### [The task]
Exactly and only the lines below from the one containing "بوفون در دیدار" down to the one containing "원소를 저장할 때 그 다음 원소가 있는 위치를 함께 저장하는 것." are wanted, both included; please exclude every picture.

### [Records for the task]
■ ■ ■ ■ ■

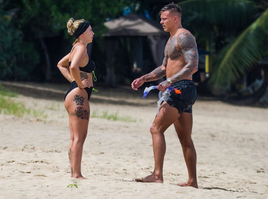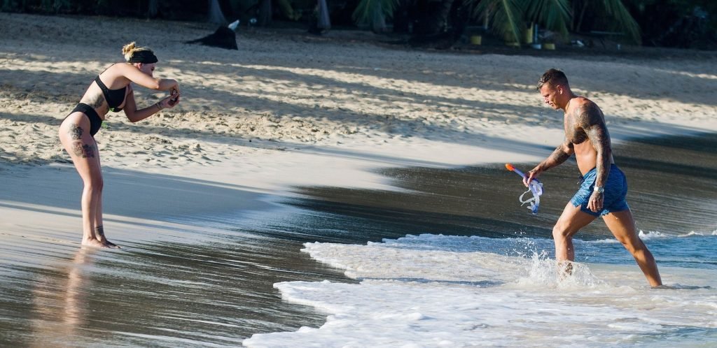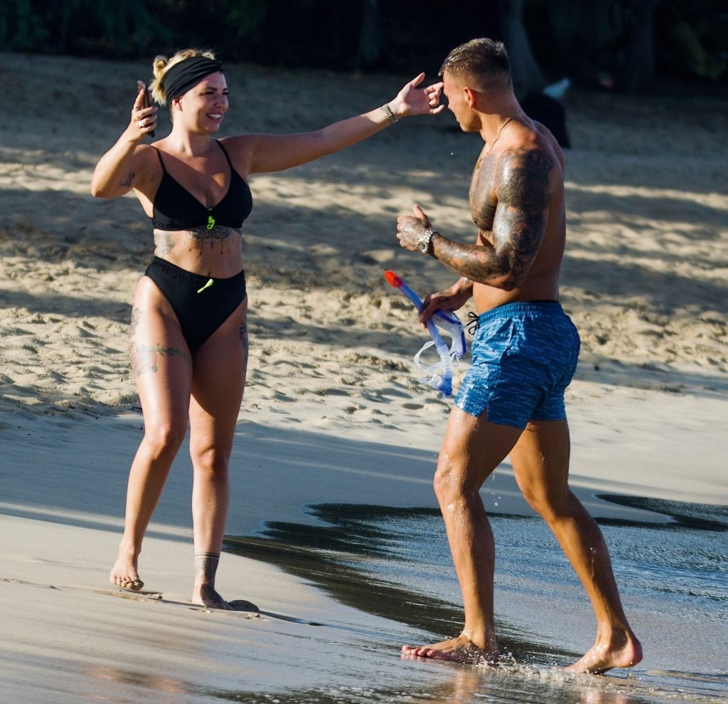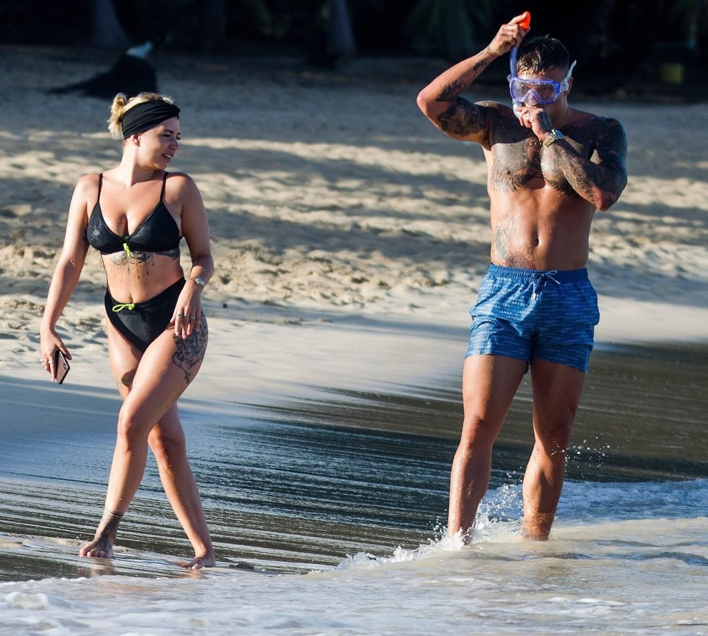 Звезды реалити-шоу Оливия Бакленд и Алекс Боуэн замечены на пляже на Барбадосе, 24.07.2019.
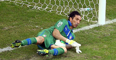 بوفون در دیدار برابر اروگوئه که به ضربات پنالتی کشیده شد سه ضربه را مهار کرد تا تیمش با نتیجه سه بر دو به پیروزی رسد.
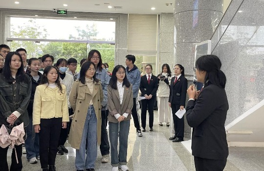 在诉讼服务大厅,通过工作人员讲解引导,师生深入感受了合并一审、二审、再审、保全等诉讼环节的一站式诉讼服务。在科技法庭,师生们看到法官远程开庭、当事人线上诉讼、法庭无纸化审理,深刻感受到“让数据多跑路,让群众少跑腿”的司法理念,纷纷为广西法治建设走上了科技化、智能化、信息化的快车道点赞。
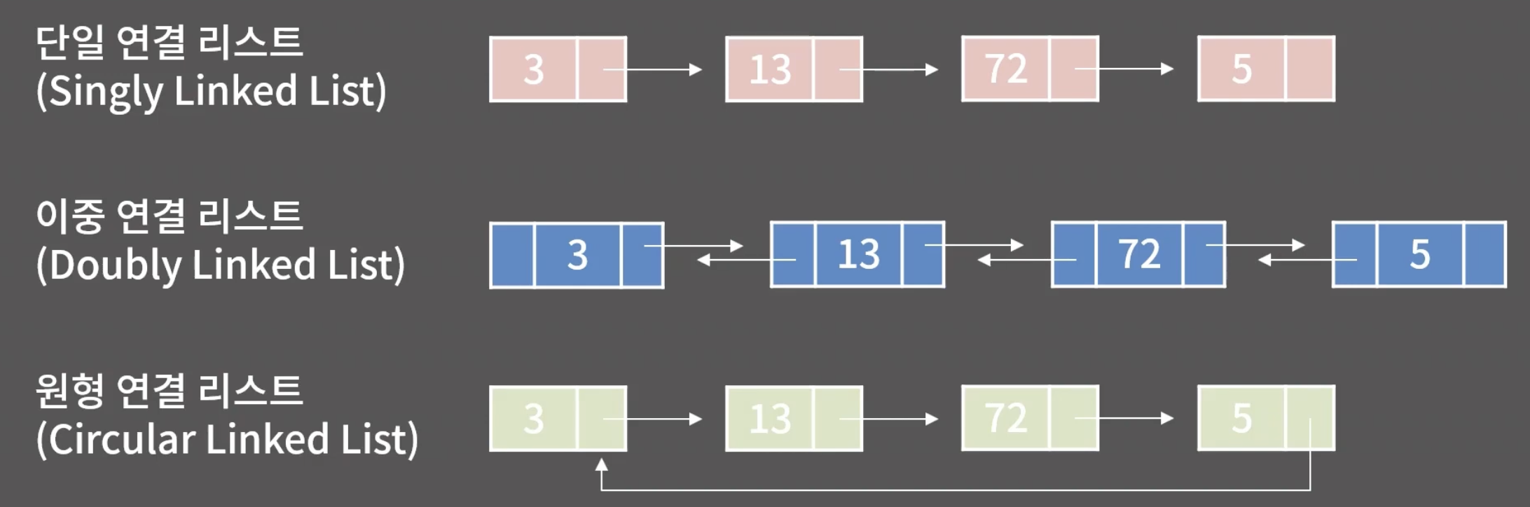 원소를 저장할 때 그 다음 원소가 있는 위치를 함께 저장하는 것.
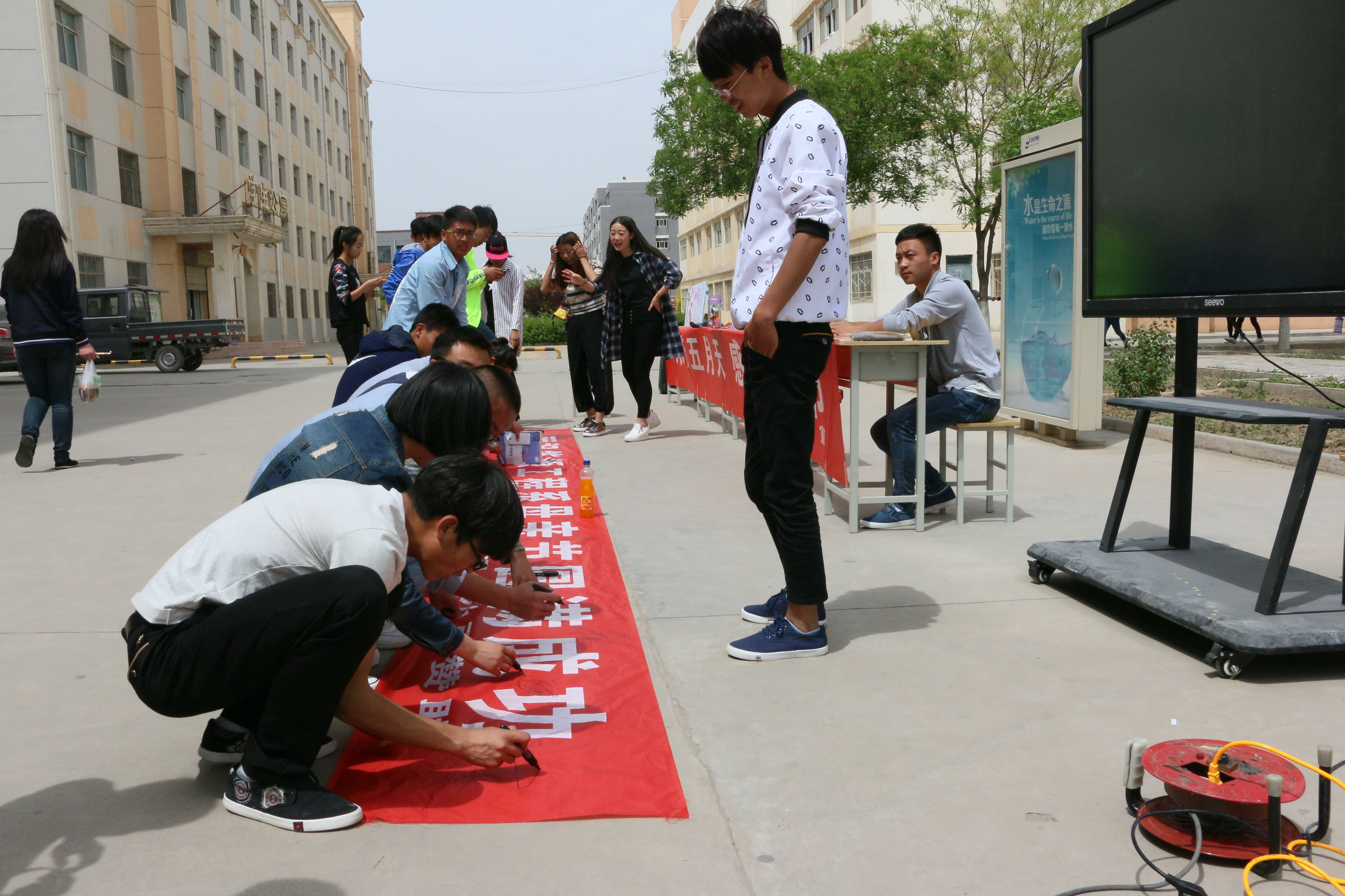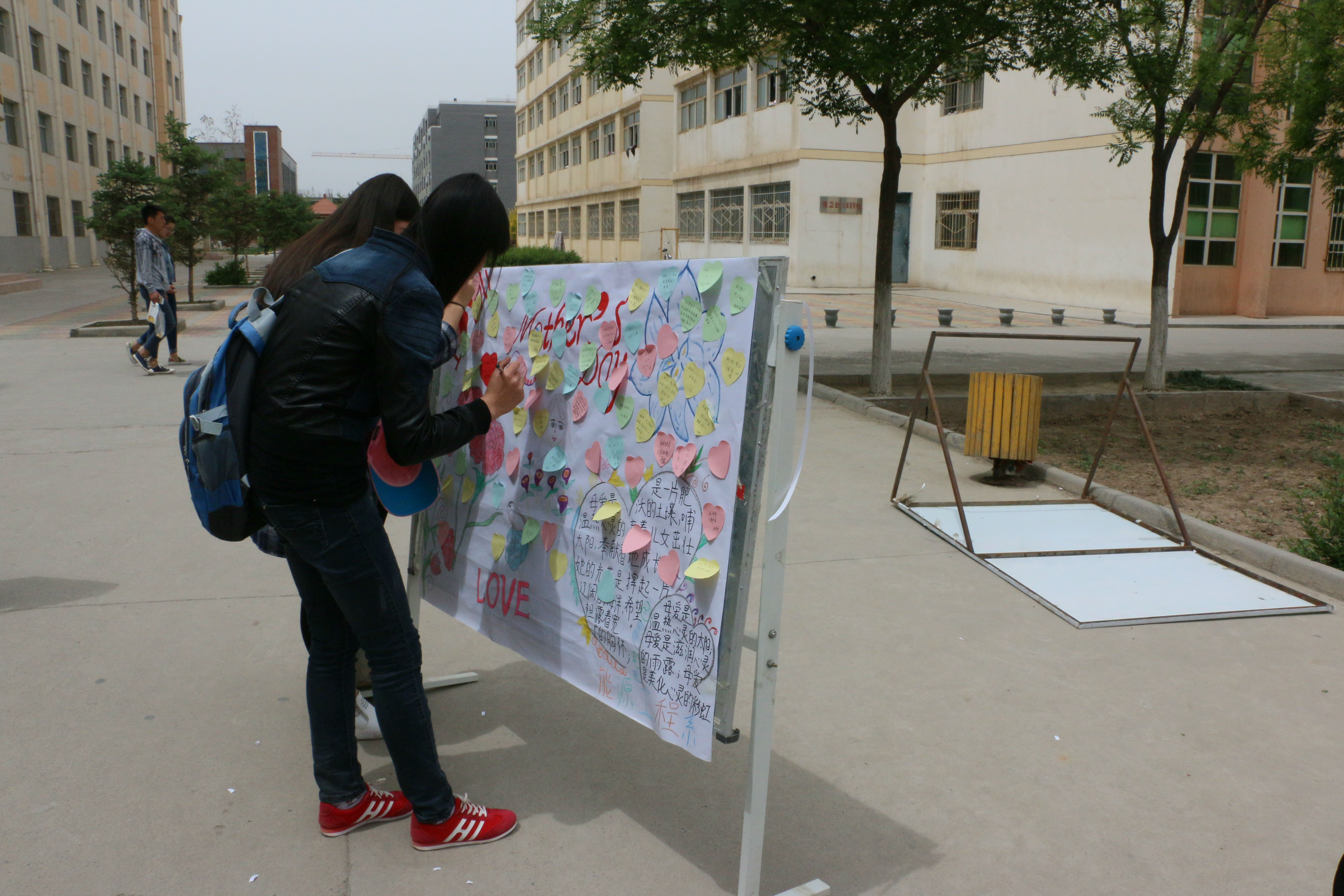 今天早晨十一點左右,能源系全體學(xué)生會成員以為這次的活動準備好了一切,有母親節(jié)的海報、母親節(jié)許愿瓶、對媽媽想說的話的展板、以及自己對媽媽祝福的簽名

■ ■ ■ ■ ■

### [Solution]
 بوفون در دیدار برابر اروگوئه که به ضربات پنالتی کشیده شد سه ضربه را مهار کرد تا تیمش با نتیجه سه بر دو به پیروزی رسد.
 在诉讼服务大厅,通过工作人员讲解引导,师生深入感受了合并一审、二审、再审、保全等诉讼环节的一站式诉讼服务。在科技法庭,师生们看到法官远程开庭、当事人线上诉讼、法庭无纸化审理,深刻感受到“让数据多跑路,让群众少跑腿”的司法理念,纷纷为广西法治建设走上了科技化、智能化、信息化的快车道点赞。
 원소를 저장할 때 그 다음 원소가 있는 위치를 함께 저장하는 것.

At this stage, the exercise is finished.